Though the topics of conversation between the two women won’t be known until they sit down and begin chatting, Women’s Center Director Ali Crown said mothers—and daughters—and the bonds between the two will surely be a main theme.

The rest is up to Dearing and Howett Smith.

The format of the program is simple and personal: The two speakers sit in armchairs in front of the group and have an impromptu chat about their lives. “To me, the intimacy and interplay were important. I wanted the audience to get the feeling that we were sitting in [the speakers’] living room, eavesdropping on them,” Crown said.

“Telling Our Stories” began in 1999 with Rebecca Chopp, former provost, and Johnnetta Cole, Presidential Distinguished Professor of Anthropology, Women’s Studies, and African-American Studies. Last year it featured Patricia Hudgins, professor of radiology and otolaryngology, and Suzie Tindall, recently retired professor of neurological surgery.

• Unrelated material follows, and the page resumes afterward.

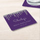 Purple Silver Glitter Drip 90th Birthday Party Square Paper Coaster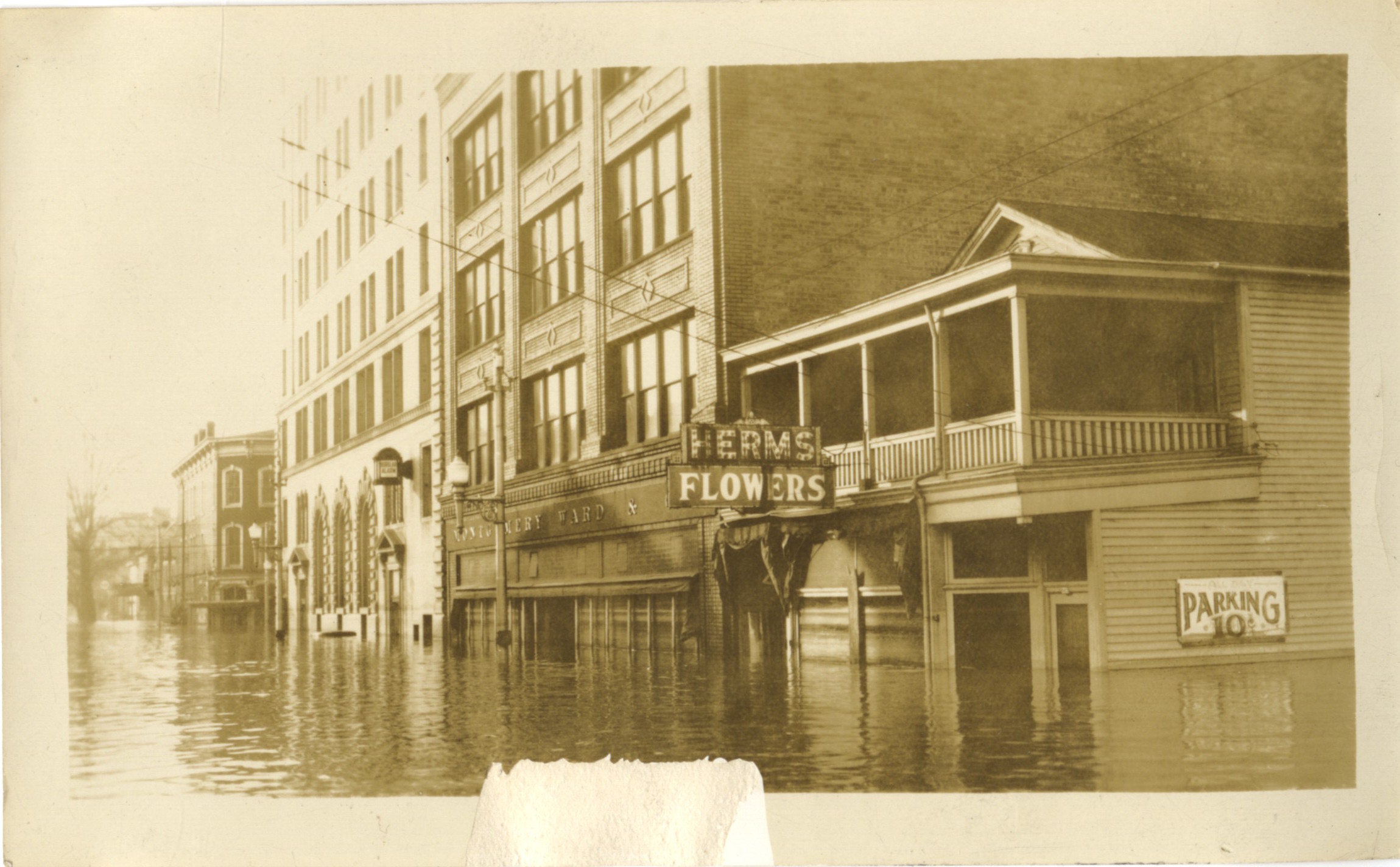 - Black & white photograph taken during the 1937 Flood. Herms Floral Company, 817 Sixth (6th) Street. Handwritten on back: Water had receded several inches when this was taken.

Crown and Patti Owen-Smith, a psychology professor at Oxford, said they had seen programs similar to “Telling Our Stories” presented at various universities and professional conferences, but they had to mull over the perfect venue and presentation for such and event at Emory. Now with the success of the program, Crown said she’d love to see “Telling Our Stories” become a biannual event, with spring and fall presentations.

“Telling Our Stories” has many purposes, Crown added. It allows for women from all parts of campus to come together to connect, as well as hear a part of modern women’s history. “When we tell these stories, we really live them, and they become more of a part of us,” she said. “Those listening come to know those things we share as women, and also how we differ. We even are able to understand how life events have helped to make us who we are.”

The success of previous “Telling Our Stories” programs is testimony that people desire a personal element in their day-to-day interactions with each other, said Owen-Smith. “Too seldom in the academy and in institutions outside the academy do we honor and give credibility to the personal nature of people’s lives,” she said.

The event will be videotaped and archived at the Women’s Center and in Woodruff Library’s Special Collections. This year, there are plans to post a video of the program on the Women’s Center’s website.